While phrases such as ‘practical’ and ‘reasonably practical’ allow institutions to tailor language policies to their needs, these phrases open the possibility of the continuation of old practices. The Honourable Justice Sachs described institutional language policies as ‘messy, inelegant, and contradictory,’ as most institutions tended at first to resort to English and Afrikaans, and thus undermine the promotion of multilingualism as promulgated in Language in Education Policy (Department of Education 1997) and Language Policy for Higher Education (Department of Education 2002).

Arguably, the practicality consideration that is also articulated in these two policies encourages some school governing bodies and universities’ language structures to adopt an ambivalent attitude, and in extreme cases, a hostile attitude towards African languages, claiming to be protecting the language rights of the institutions on ‘academic’ grounds. In higher education, various organisations, for example, AfriForum in 2015, have litigated universities about changes to their language policies concerning the perceived diminishment of Afrikaans. It should also be acknowledged that there has been, at the national level, an absence of political will to really support language education towards language access in all education sectors.
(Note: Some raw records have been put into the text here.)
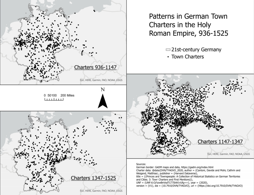[3] Davide Cantoni, Cathrin Mohr, and Matthias Weigand, “Princes and Townspeople: A Collection of Historical Statistics on German Territories and Cities. 3: Town Charters and First Mentions” (Harvard Dataverse, 2020), https://dataverse.harvard.edu/dataset.xhtml?persistentId=doi:10.7910/DVN/TYAGVO. 2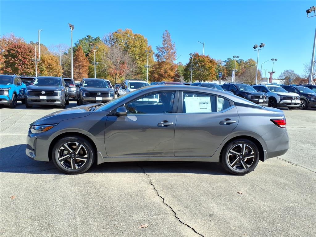 Gun Metallic 2025 Nissan Sentra SV FWD CVT with Xtronic 2.0L I4 DOHC We Deliver Anywhere, Extended Service Programs Available, CVT with Xtronic, Charcoal Cloth, 16Alloy Wheels, 4-Wheel Disc Brakes, 8 Speakers, ABS brakes, Air Conditioning, Alloy wheels, AM/FM radio: SiriusXM, Auto High-beam Headlights, Blind Spot Warning, Body Colored Splash Guards (4-Piece), Brake assist, Bumpers: body-color, Carpeted Floor Mats w/Trunk Mat, Clear Rear Bumper Protector, Delay-off headlights, Door Sill Plates, Driver door bin, Driver vanity mirror, Dual front impact airbags, Dual front side impact airbags, Electronic Stability Control, Four wheel independent suspension, Front anti-roll bar, Front Bucket Seats, Front Center Armrest, Front reading lights, Fully automatic headlights, Illuminated entry, Knee airbag, Low tire pressure warning, NissanConnect featuring Apple CarPlay and Android Auto, Occupant sensing airbag, Outside temperature display, Overhead airbag, Overhead console, Panic alarm, Passenger door bin, Passenger vanity mirror, Power door mirrors, Power steering, Power windows, Radio data system, Radio: AM/FM w/RDS/MP3/Aux-In, Rear anti-roll bar, Rear Parking Sensors, Rear side impact airbag, Rear window defroster, Remote keyless entry, Security system, Speed control, Speed-sensing steering, Split folding rear seat, Steering wheel mounted audio controls, Tachometer, Telescoping steering wheel, Tilt steering wheel, Traction control, Trip computer, Upgraded Cloth Seat Trim, Variably intermittent wipers, CVT with Xtronic, Charcoal Cloth. 30/40 City/Highway MPG Price includes: $500 - Nissan MY25 Sentra Bonus Cash. Exp. 12/01/2025 $500 - Nissan SER MY25 Sentra (SV and SR) Bonus Cash - November. Exp. 12/01/2025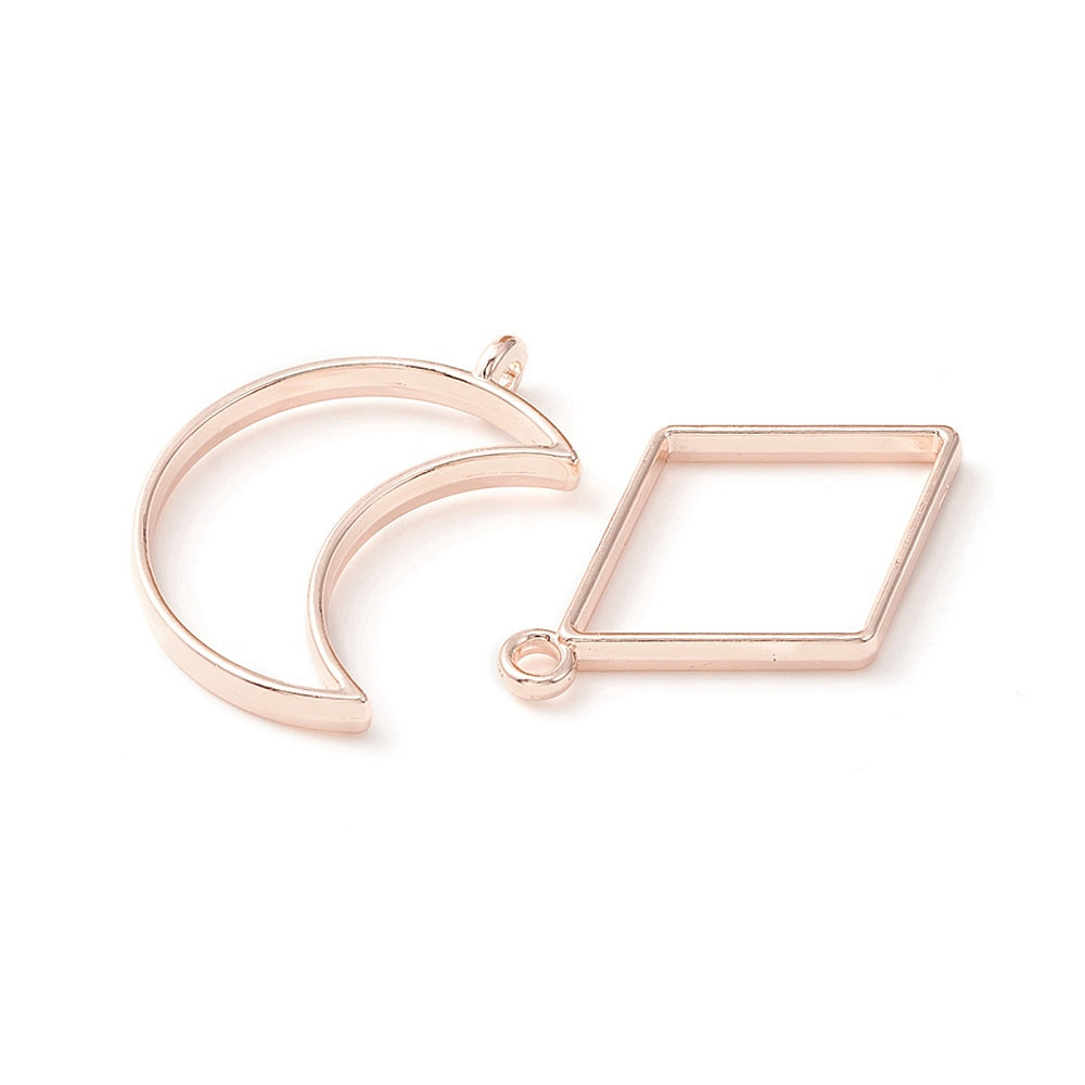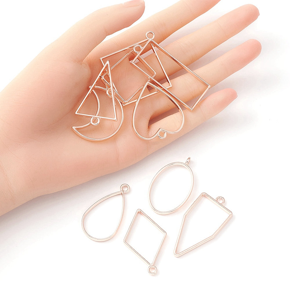 10 Pcs Alloy Open Back Bezel Pendants, for Epoxy Resin, Mixed Shapes, Rose Gold, 34~48x19~44mm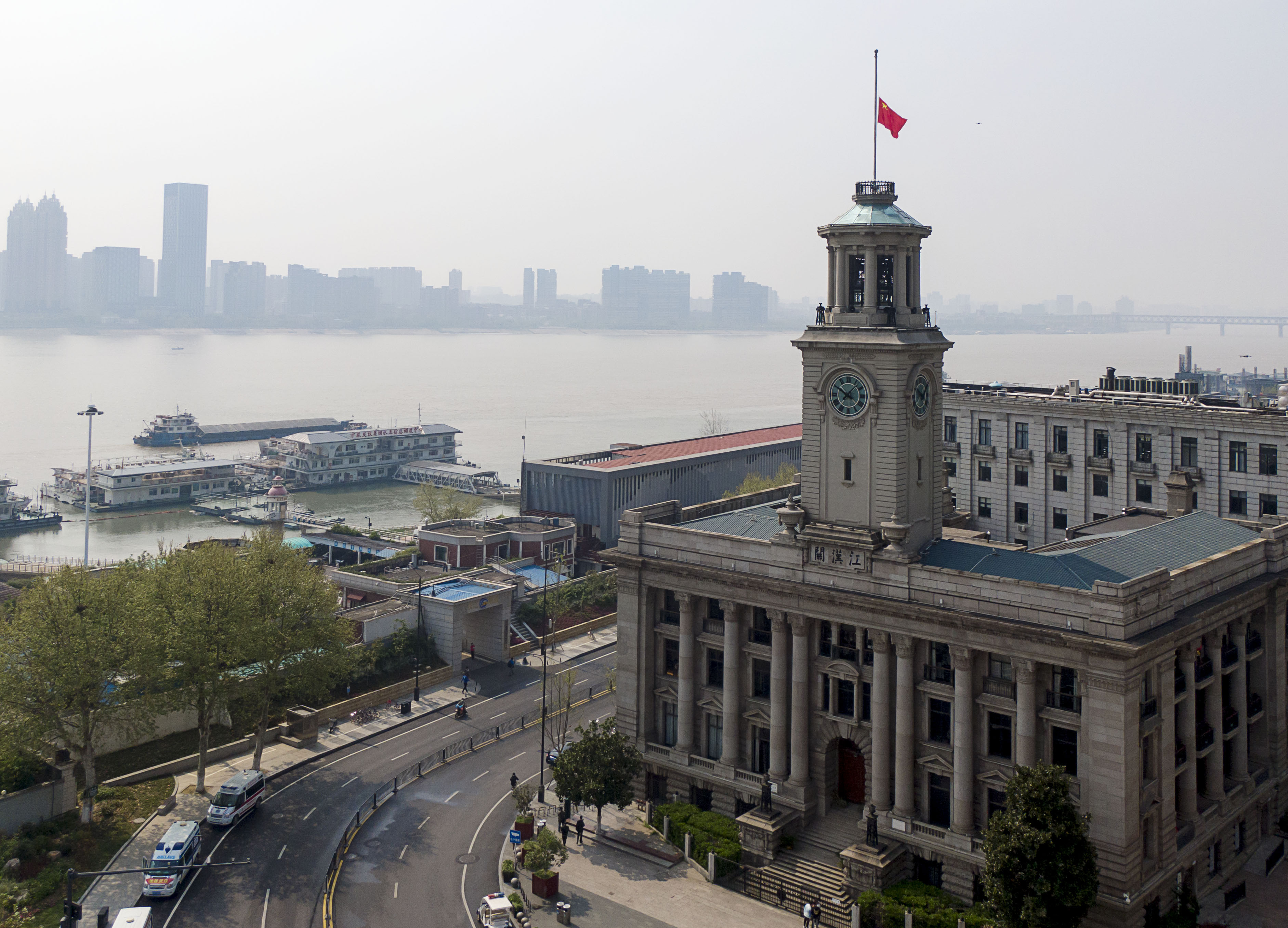 ↑2020年4月4日,武漢市舉行哀悼活動(dòng),表達(dá)對(duì)抗擊新冠肺炎疫情斗爭(zhēng)犧牲烈士和逝世同胞的深切哀悼。這是武漢江漢關(guān)大樓下半旗志哀。新華社記者 熊琦 攝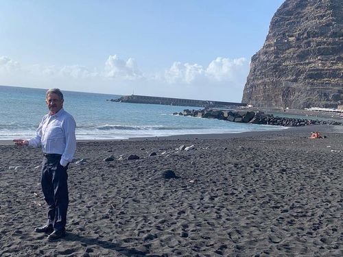 Der Präsident von Kantabrien, Miguel Ángel Revilla, war bereits auf La Palma angereist, als das geplante Treffen der Provinzpräsi-denten, des spanischen Ministerpräsidenten Pedro Sánchez und des Königspaars wegen des Einmarsches russischer Truppen in der Ukraine abgesagt wurde. Bevor Revilla ab-reiste, teilte er seine Impressionen am Strand von Puerto de Tazacorte über soziale Netzwerke. „Ich bin hier am Strand von Tazacrote, mit seinem schwarzen Vulkansand und nutze die Gelegenheit um mich mit wunderbaren Menschen zu unterhalten“.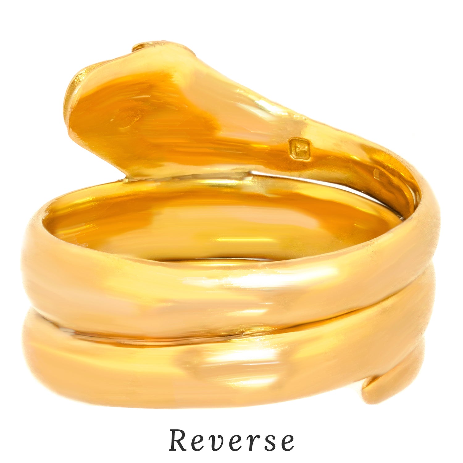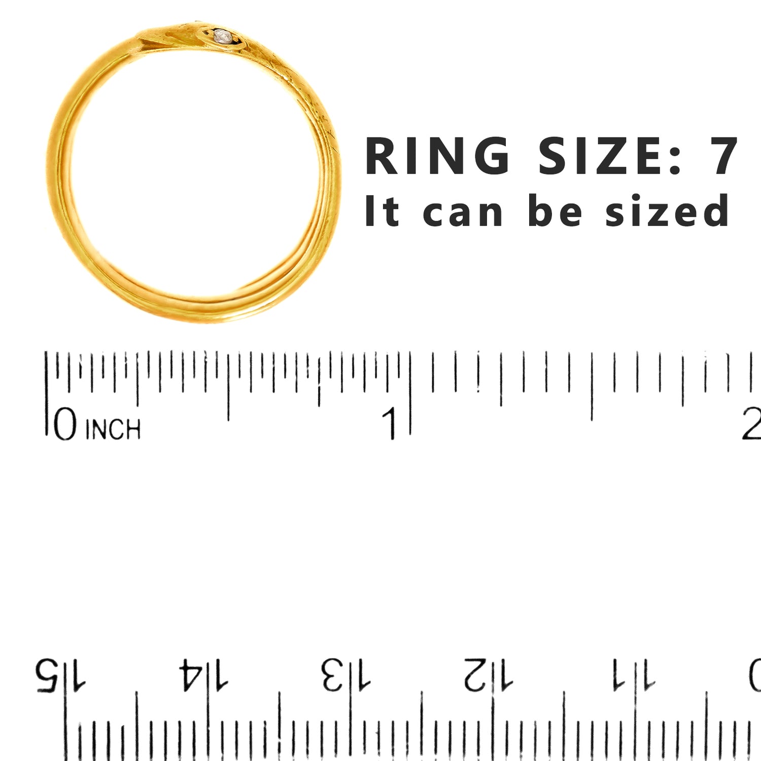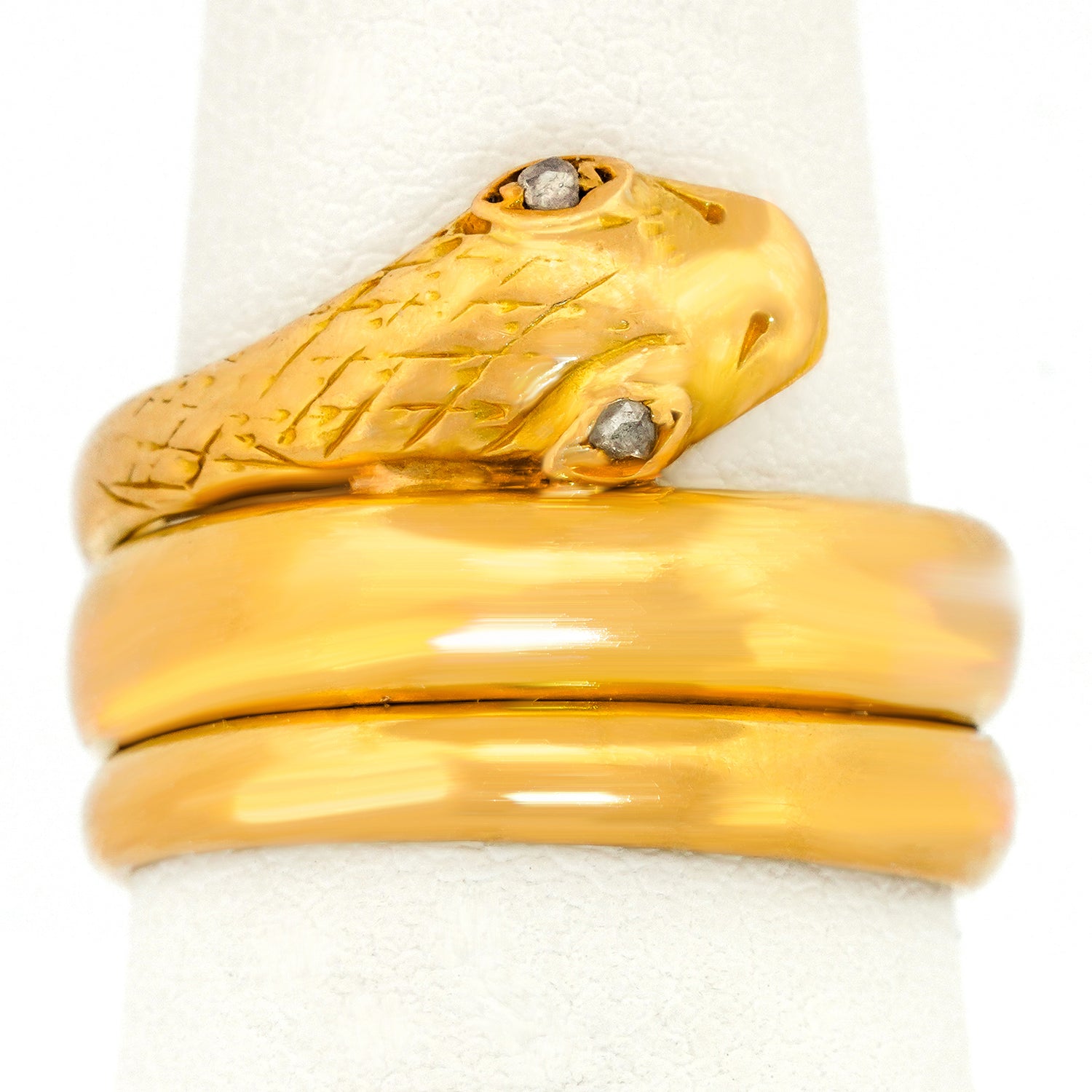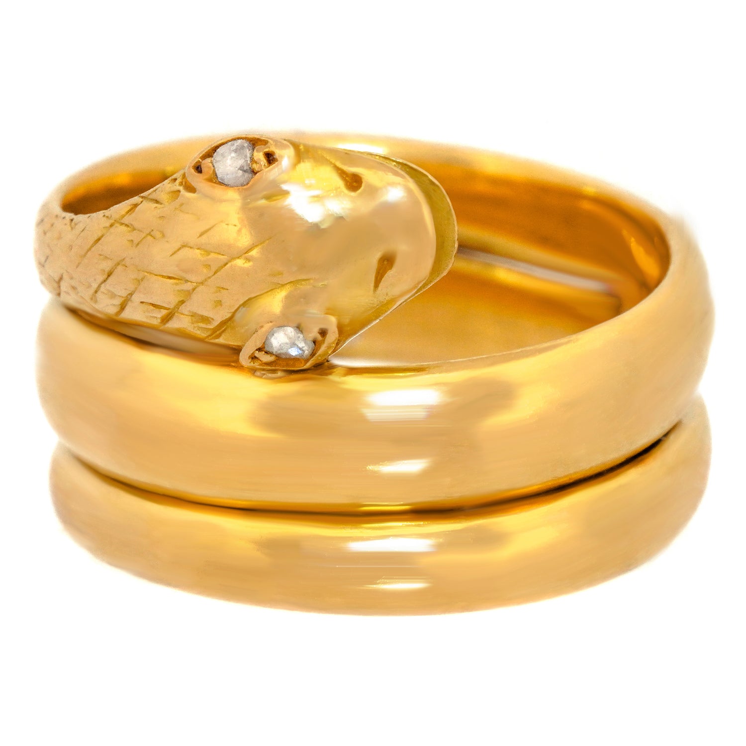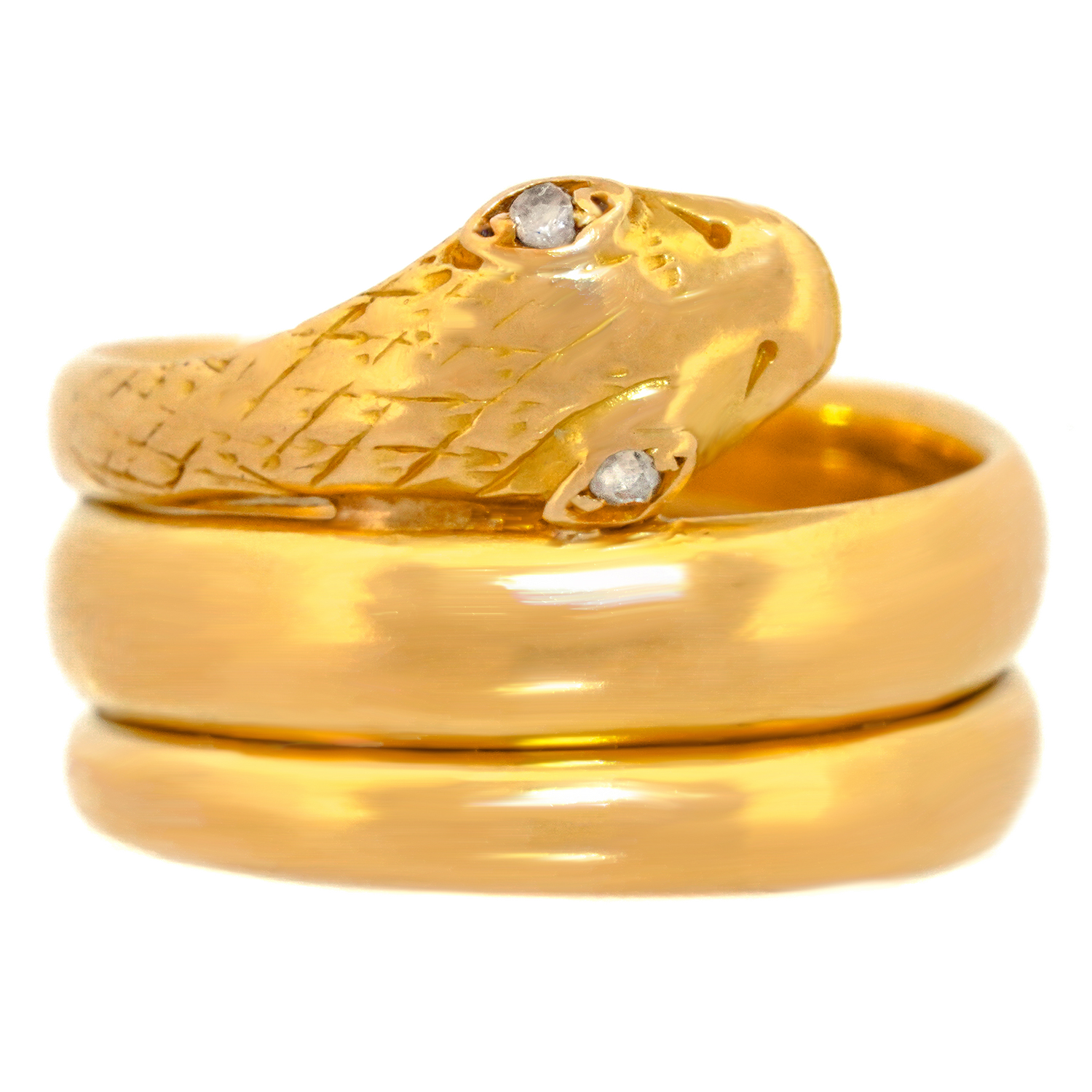 Circa 1873, 18k, England.  Popular for thousands of years, snake rings were especially fashionable in the Victorian period. This particularly profuse example is well made in 18k gold and set with diamonds for eyes. Excellent condition.

To date, PanSALB has failed to develop a visible plan and profile for language development in South Africa (SA Government News Agency 2016). The absence of credible regulatory control, a realisable mandate, and the capacity to deliver on its accountability aims has weakened PanSALB.”

Required :

In preparation for Summative Assessment 1 (SA1), you are required to conduct research on the given research theme and write a 5-6 page draft research proposal.

The theme of the research is Language Rights in Education.

Answers to Above Questions on Research for Law

Answer 1: An analysis of the history of South African legal research indicates that it has evolved over time, as it can be tracked back from the colonial era followed by an influence of Roman Dutch Law, apartheid era, incorporation of indigenous legal traditions etc.